Tudo isto temos nós, e tudo isto têm elles—mercê de Deus.

Por cá, como por lá, multiplicam-se os bailes, rangem as sêdas, reluzem as toilettes, scintillam os chrystaes, refervem os vinhos nas suas taças preciosas, adelgaça-se o corpo, polvilham-se os cabellos, tingem-se as faces, alarga-se a consciencia, confundem-se os factos, adora-se a elegancia, e todos—ó céus! sem mesmo o presentirem—caminham para o bom tom, impellidos pela magreza, que os devora, arrastados pela falta de hygiene e seduzidos pela eterna sereia das humanas velleidades.

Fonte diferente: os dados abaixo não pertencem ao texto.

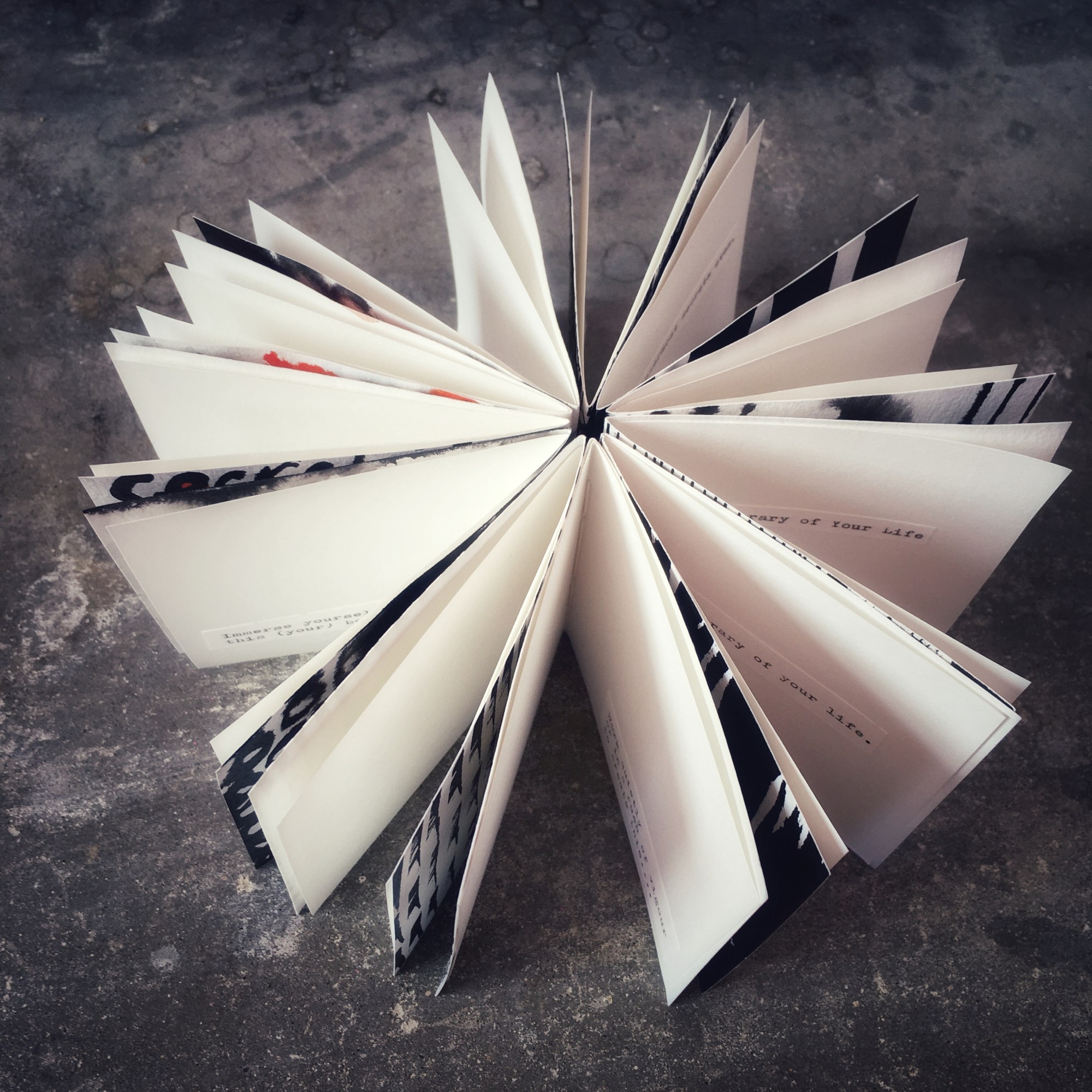 Crowd the page with financial calculations. Paint, draw, scribble, tear, fold. Collect words to place upon the page. Take up your pen and feel the smooth paper slide beneath your hand as you forget the world around you. Immerse yourself in this, (your) book. Savour this time alone between these sheets. Leave your mark in whatever way you choose. Work quietly or in a rush of vigour to create this
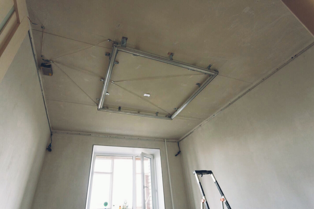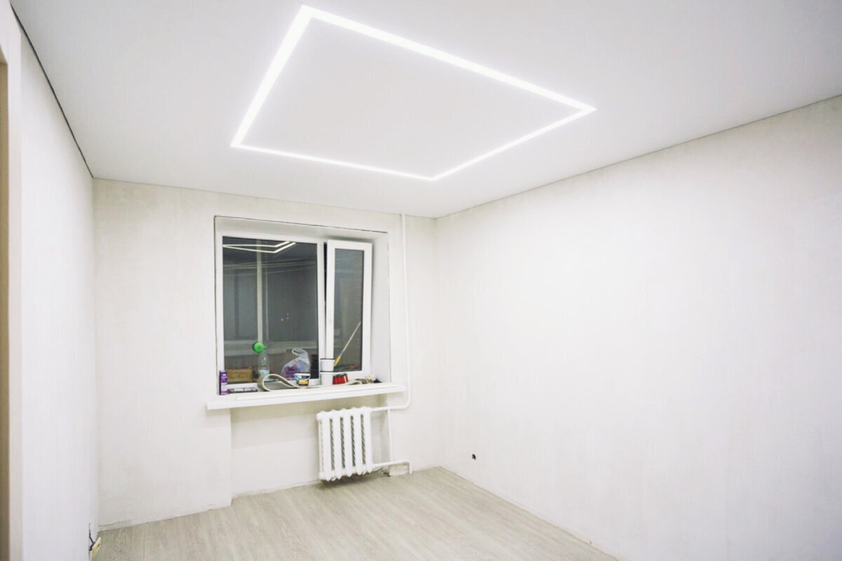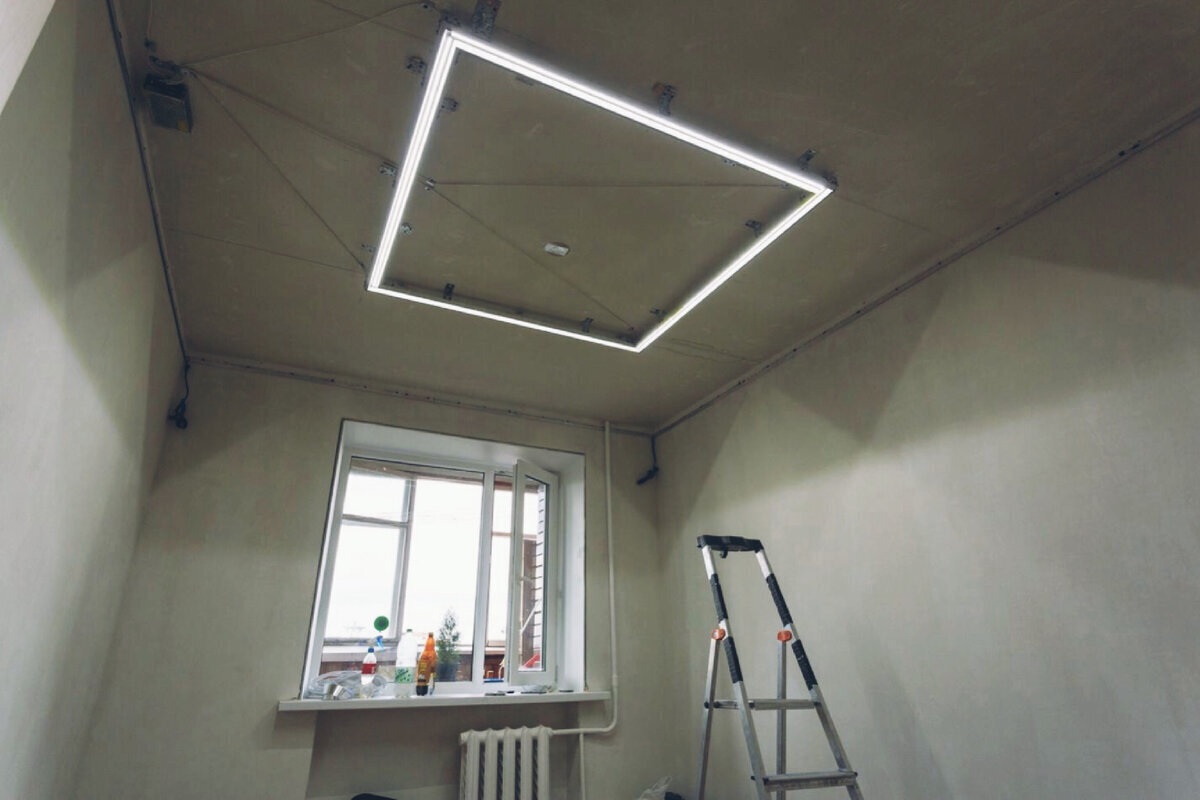 Потолок и установку лампы мы тоже поручили рабочим, поэтому особых подробностей поведать не могу. В общем, спустя сутки светодиодная конструкция и матовый натяжной потолок были готовы!

D'onde se conclue que cá e lá más fadas ha.

Mas Lisboa, com franqueza, não é de todo má: as suas ruas estão povoadas de{17} bellos e formosissimos edificios; os seus jantares, embora sem dinheiro, são abundantes; os seus hospedes vestem-se bem, não obstante faltar-lhes para isso o corpo e o sangue; as suas filhas de aguarella sabem calçar uma bota á Benoiton; Aline, a sua modista, tem algum gosto; Stellpflug e Manuel Lourenço, os seus sapateiros predilectos, contentam os seus freguezes; Barral tem bons remedios; o café, em geral, não é mau; os charutos satisfazem; os assassinos não tem sido demais; quem quizer tambem póde deixar de se suicidar; emfim, ella não é despiciente, acreditem:—unicamente o que lhe falta é o espirito, isto é, o tic nervoso, que dá o bom senso; o enthusiasmo, que eleva as gerações; o fanatismo scientifico, que torna os homens celebres e audazes; o que lhe falta verdadeiramente é isso—essa primeira parte da humanidade a que Shakespeare chamaria, talvez, o to be da humana existencia—o caracter.

Emile Péreire, no tempo em que escrevia no Nacional, sob as ordens de Armand Carrel, tão pobre era que longe estava{18} de imaginar o futuro de riqueza que o esperava.

Foi, recordando-se d'esse passado de miseria, que elle pronunciou aquella esplendida phrase, de que Charlet fez uma caricatura:

—Aos trinta annos tinha dentes e não tinha pão; aos sessenta tenho pão e não tenho dentes.

Pois assim está a nossa capital—quando tinha caracter e dinheiro faltava-lhe o espirito e o desenvolvimento intellectual; agora que naturalmente está mais desinvolvida e mais apta para as concepções do mundo moderno, escasseia-lhe o caracter e a franqueza.

Façamos como Paulo Vernet, o pintor realista—abramos a janella, e olhemos serenamente o que se passa.

Em Madrid vive-se no café e pelo café. Quando se quer procurar qualquer pessoa importante, não se pergunta nunca pela casa onde reside, mas sim pelo café que costuma frequentar. E ahi está tambem o motivo, porque, na capital da Hespanha, os cafés, que quasi se podem dizer{19} pequenas aldeias pela extensão e pelo comprimento, estão cheios, perfeitamente cheios, durante a noite e durante o dia. É ahi que se faz a politica, e é ahi tambem que se preparam os futuros acontecimentos do paiz.